Abstract
Hypoxia-inducible factor 1α (HIF1α) induces the expression of several hundred genes in hypoxia aiming at restoration of oxygen homeostasis. HIF prolyl-4-hydroxylases (HIF-P4Hs) regulate the stability of HIF1α in an oxygen-dependent manner. Hypoxia is a common feature in inflammation and cancer and the HIF pathway is closely linked with the inflammatory NF-κB and tumor suppressor p53 pathways. Here we show that genetic inactivation or chemical inhibition of HIF-P4H-1 leads to downregulation of proinflammatory genes, while proapoptotic genes are upregulated. HIF-P4H-1 inactivation reduces the inflammatory response under LPS stimulus in vitro and in an acute skin inflammation model in vivo.
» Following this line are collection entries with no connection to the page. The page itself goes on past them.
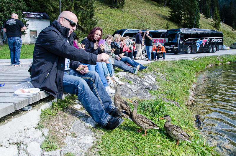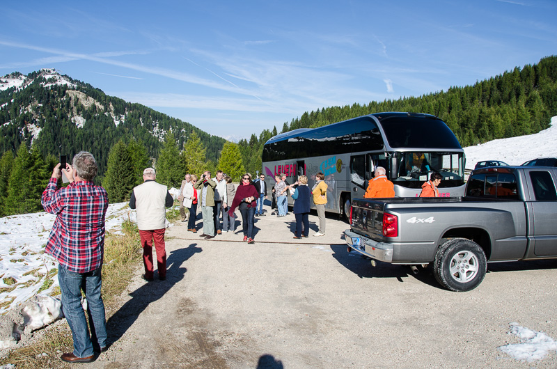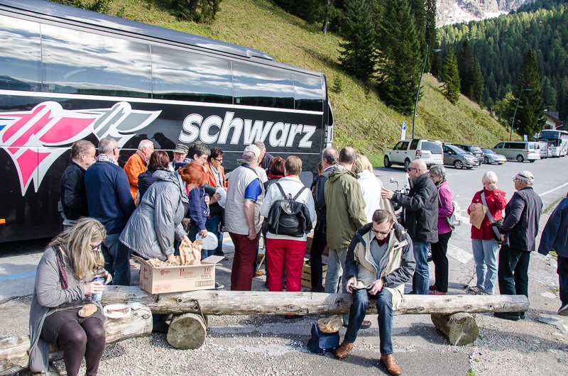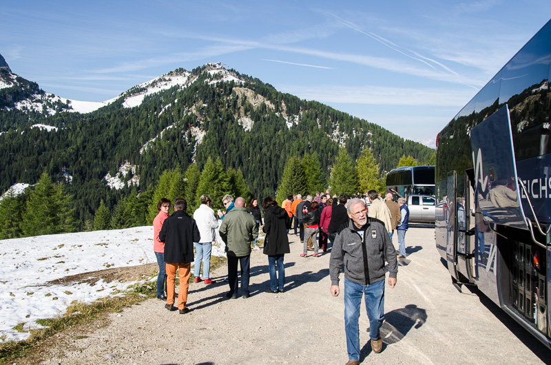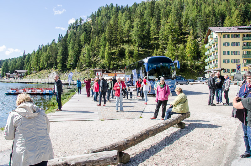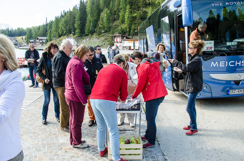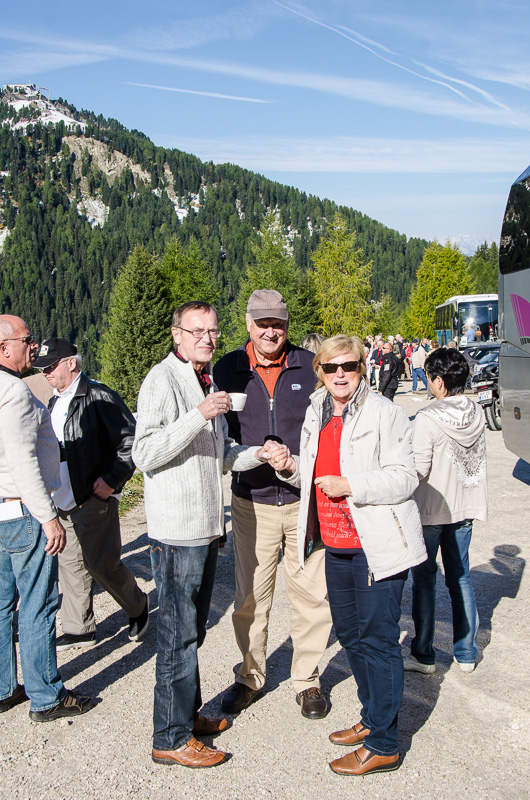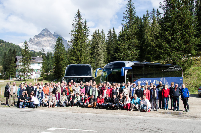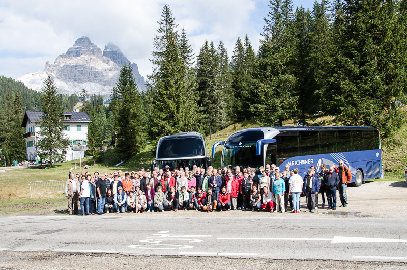 Nach der Weiterfahrt zum traumhaft gelegenen Misurina See haben wir dort die Zeit für eine ausgedehnte Brotzeit mit Kaminwurzen, Schinken, Käse und Schüttelbrot genutzt. Nach der Pause nutzten wir die Chance vor den „Drei Zinnen“ noch für ein Fotoshooting und für ein Dankeschön für unsere sehr netten und kompetenten Reiseführer. Dann ging es durch die faszinierende Landschaft zurück zu unseren Hotels. Ein paar von unseren „Bergbewohnern“ nutzten das zeitigere Ankommen um noch eine Wanderung um Latzfons zu machen.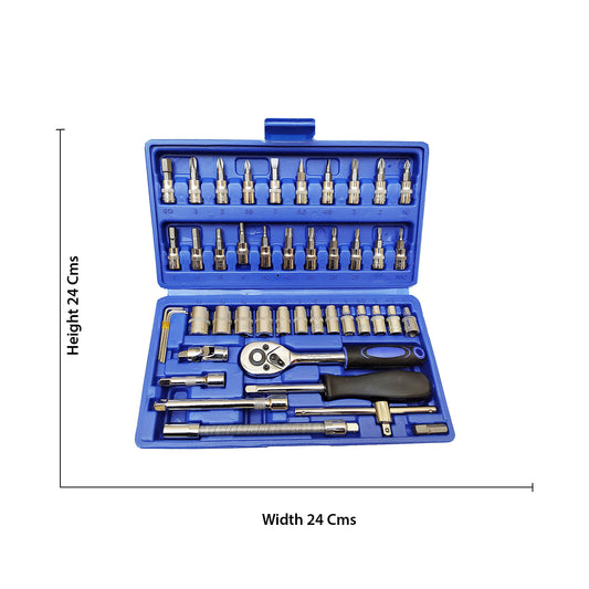 Aegon SS-46 1/4" 46 Pieces Heavy Duty Combinational Ratchet Socket Wrench Spanner Chrome Vanadium Hand Tool Kit For Repairing Work, DIY, Auto Repairs Car & Bike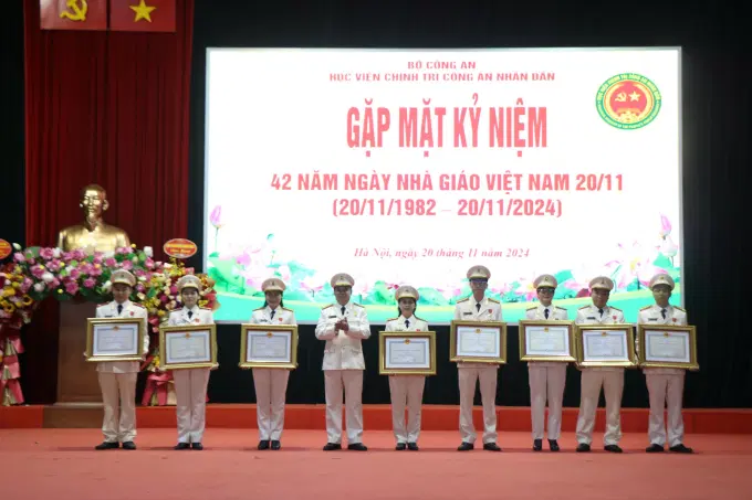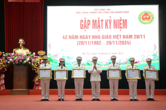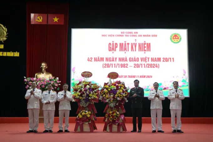 Trong không khí tưng bừng phấn khởi của cả nước hướng về ngày truyền thống của ngành Giáo dục Việt Nam, sáng ngày 19/11/2024, Học viện Chính trị CAND đã long trọng tổ chức kỷ niệm 42 năm ngày Nhà giáo Việt Nam nhằm tôn vinh sự cống hiến của cán bộ, giảng viên Học viện; đồng thời, tri ân các nhà giáo, nhà khoa học, các đồng chí lãnh đạo, nguyên lãnh đạo đối với hoạt động giáo dục, đào tạo của Học viện thời gian qua; đồng thời, là dịp để chúng ta cùng ôn lại truyền thống của Ngành giáo dục, của sự nghiệp trồng người rất thiêng liêng và cao quý. Đồng chí PGS.TS, NGƯT, Trung tướng, Phan Xuân Tuy, Bí thư Đảng ủy, Giám đốc Học viện Chính trị Công an nhân dân chủ trì buổi Lễ.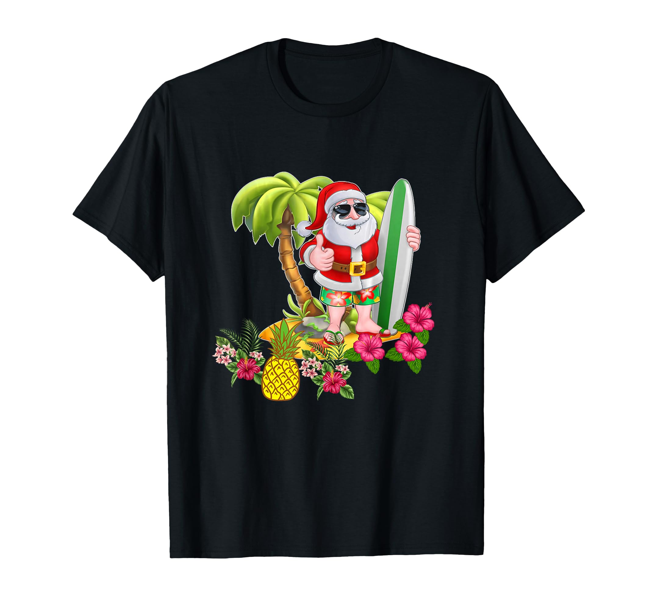 Perfect Xmas gift or X-mas present for Santa lover men, women, kids, boys, girls, youth. Cool t-shirt for Aloha Friday, Hula, Tiki, Luau Party, or Christmas Party in Hawaii and summer vacation. Christmas in July Santa Surf Funny Hawaiian Surfing Tshirt Gifts. Mele Kalikimaka vintage shirt showing Santa Claus on a surfboard wearing sunglasses and flower print short. tropical summer shirts for surfers to wear at Hawaii State beaches Lightweight, Classic fit, Double-needle sleeve and bottom hem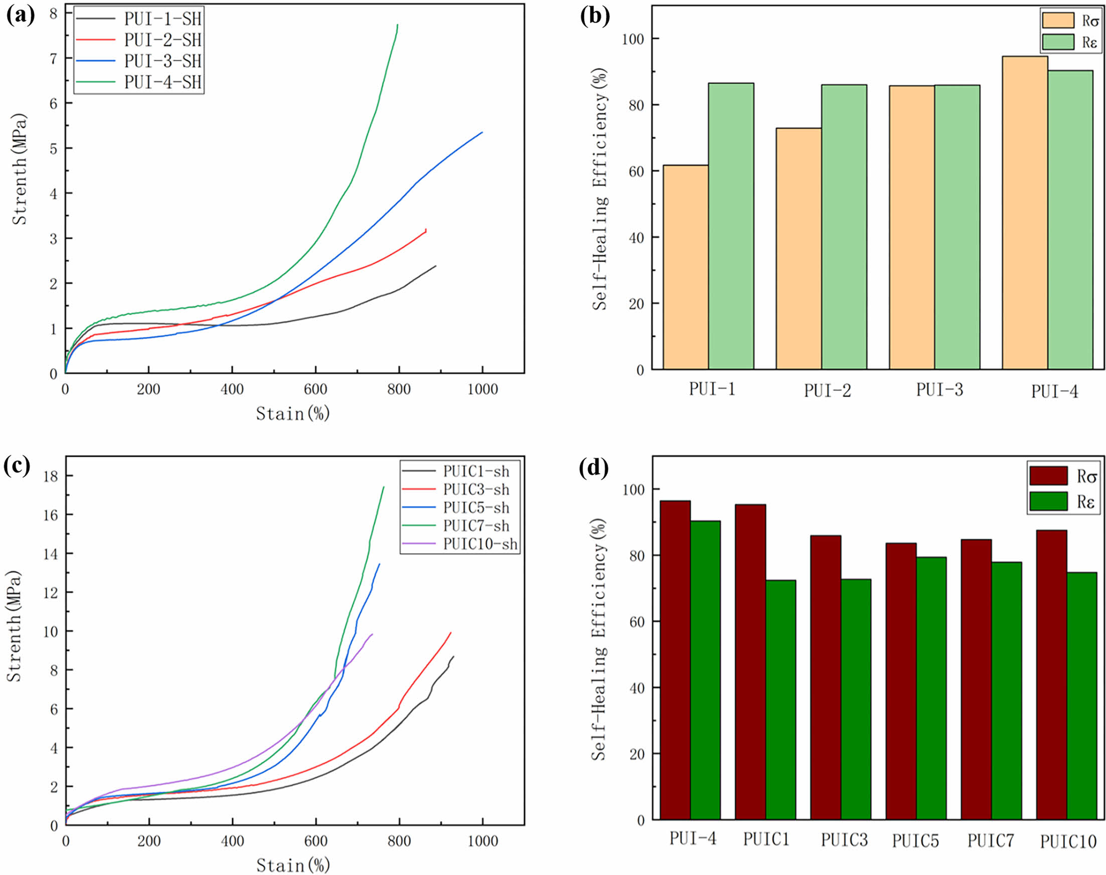 Figure 7 (a) Mechanical properties curves of PU0 and PUI-1~4 after self-healing; (b) variation trend of self-healing efficiency of self-healing polyurethane; (c) mechanical property curve of PUIC1~10 after self-healing; (d) variation trend of self-healing efficiency of PUI/CNC. |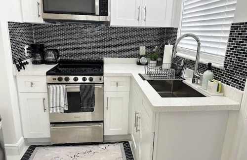 Krystaldream is a newly renovated 1 bedroom/1 bathroom apartment that accommodates 2 adults comfortably with a private entrance and parking space with direct access to the unit (no stairs). This unit boasts a fully equipped kitchenette (Microwave, Stove, Oven, Refrigerator, Coffee Maker, Plates, Saucers, Mugs, Glasses, Utensils, Silverware, etc.). The bedroom is furnished with a Queen size bed. Additional features include a smart rv, walk-in shower, and a high-efficiency dual flush toilet! New, strong air conditioning that cools the space perfectly, an exceptional getaway. This is a completely private apartment attached to two other units. You’ll have all the space to yourself.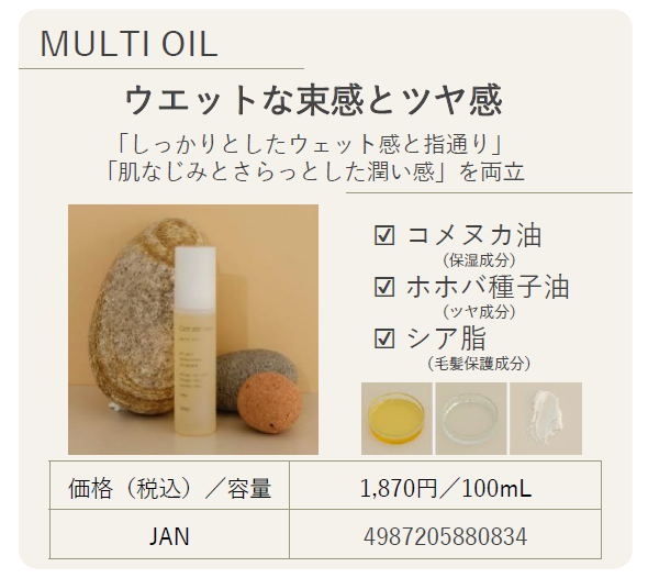 「髪と肌への心地よさ」を大切にしたマルチユースなケアスタイリングアイテムに仕上げました。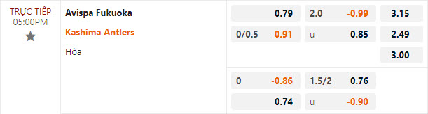 Tỷ lệ kèo Avispa Fukuoka vs Kashima Antlers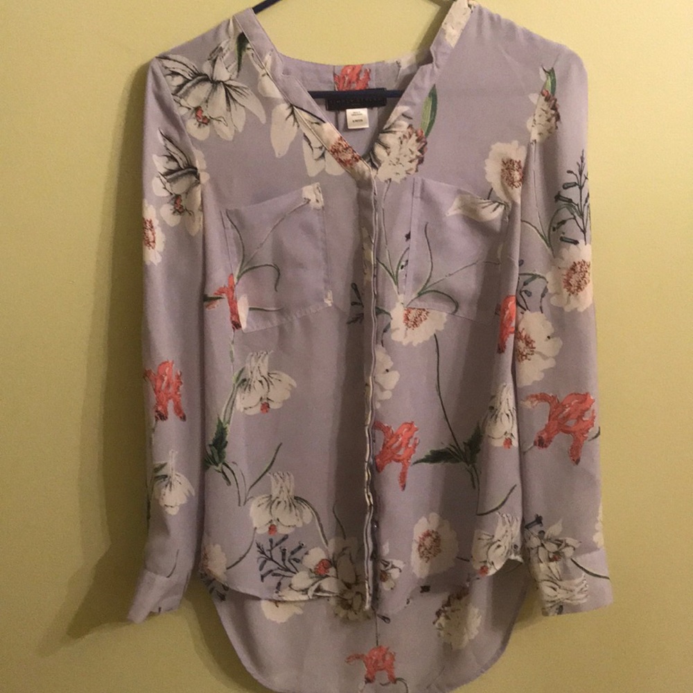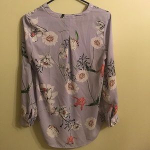 Chiffon floral long sleeve gray for work in the summer. Lower in the back so you can wear with leggings. Can roll up sleeves or leave down. Fabric resists wrinkles better than most. Flap to cover buttons in front.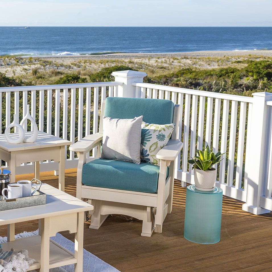 Amish Van Buren Patio Cushion Glider Chair - Love your patio again. Enjoy the same comfort outside as you do in your living room with the Amish Van Buren Patio Cushion Glider. This glider is carefully constructed to provide you a lifetime of service. Fasteners are hidden for a more luxurious look, each piece is also carefully sanded smooth for superior feel and c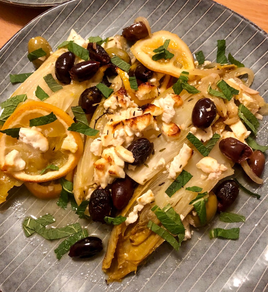 Mit Zwiebeln und Knoblauch, Orangensaft, etwas Brühe und Thymian. Dazu Zitronenscheiben, Oliven und Feta und am Ende etwas Minze darüber.
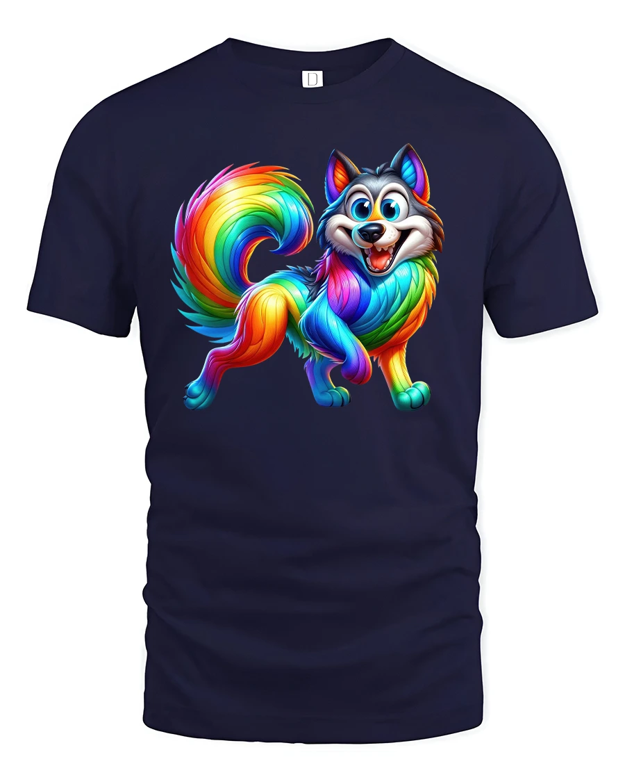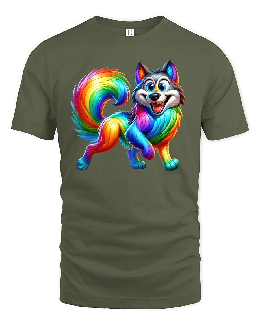Show your love for color, fun, and furry friends with this adorable rainbow husky tee.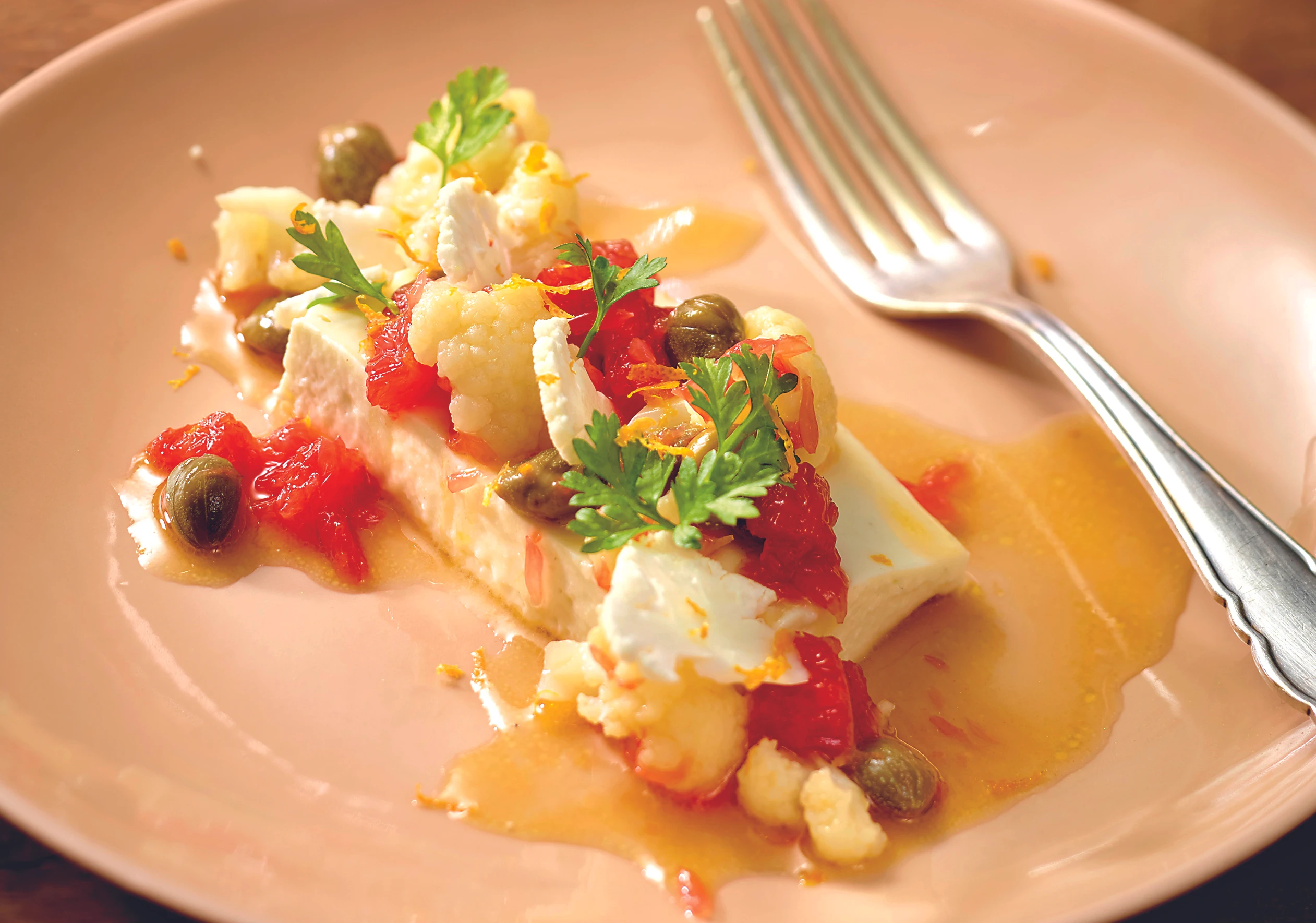 Karfiolmousse mit Blutorangen-Vinaigrette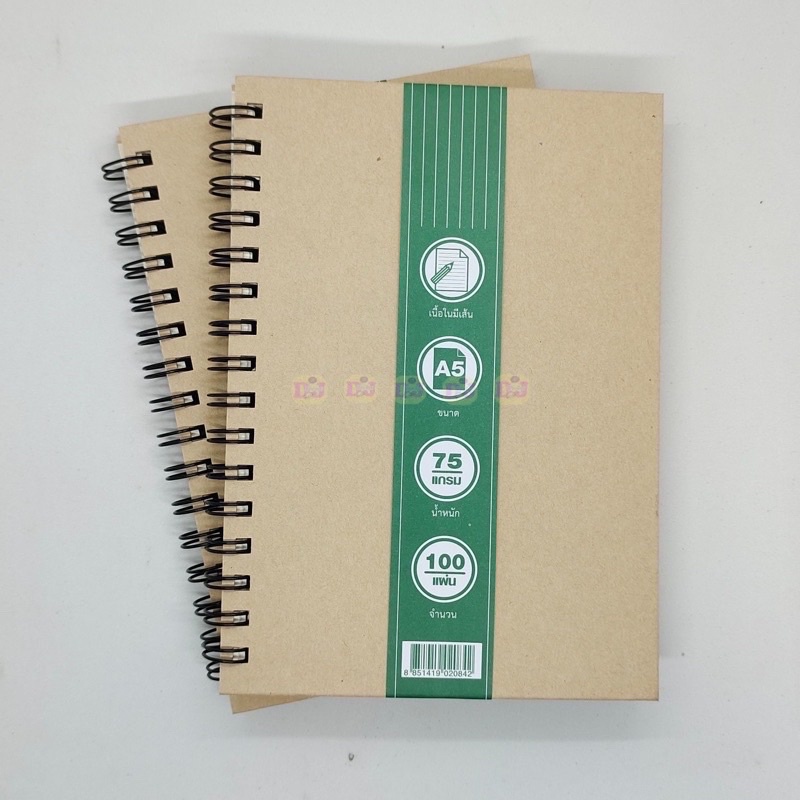 สมุดปกแข็งสันลวด A5 (100 แผ่น/เล่ม) สมุดปกแข็ง สันลวด สมุด สมุดบันทึก ปกน้ำตาลสันห่วง
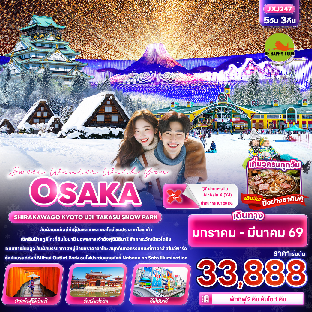 เดินทาง ม.ค. - มี.ค. 69 | โดยสายการบิน AIR ASIA X (XJ) | • โอซาก้า • ปราสาทโอซาก้า • Mitsui outlet Park Jazz Dream Nagashima • ชมงานไฟ Nabana No Sato Winter Illumination • จังหวัดกิฟุ • Takasu Snow Park • หมู่บ้านมรดกโลกชิราคาวาโกะ • Aeon Mall • เกียวโต • วัดเบียวโดอิน • Duty free • ศาลเจ้าฟูชิมิอินาริ • ย่านชินไซบาชิ • เมืองอิซุมิซาโนะ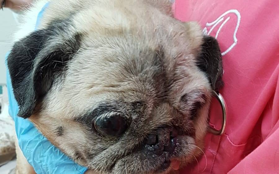 Als die Tierschützer in die Wohnung kamen, fanden sie fünf Hunde, zum Teil schwer krank, extrem verfilzt oder mit einem Geschirr, das bereits in die Haut eingewachsen war. Drei Hunde und den Hasen hat der Besitzer freiwillig herausgegeben.

Furthermore, HIF-P4H-1 inactivation increases p53 activity and stability and hydroxylation of proline 142 in p53 has an important role in this regulation. Altogether, our data suggest that HIF-P4H-1 inhibition may be a promising therapeutic candidate for inflammatory diseases and cancer, enhancing the reciprocal negative regulation of the NF-κB and p53 pathways.
Highlights
Under compromized oxygenation, a hypoxia response pathway is induced by hypoxia-inducible factors (HIFs) that activate >100 genes for hypoxic adaptation[1,2]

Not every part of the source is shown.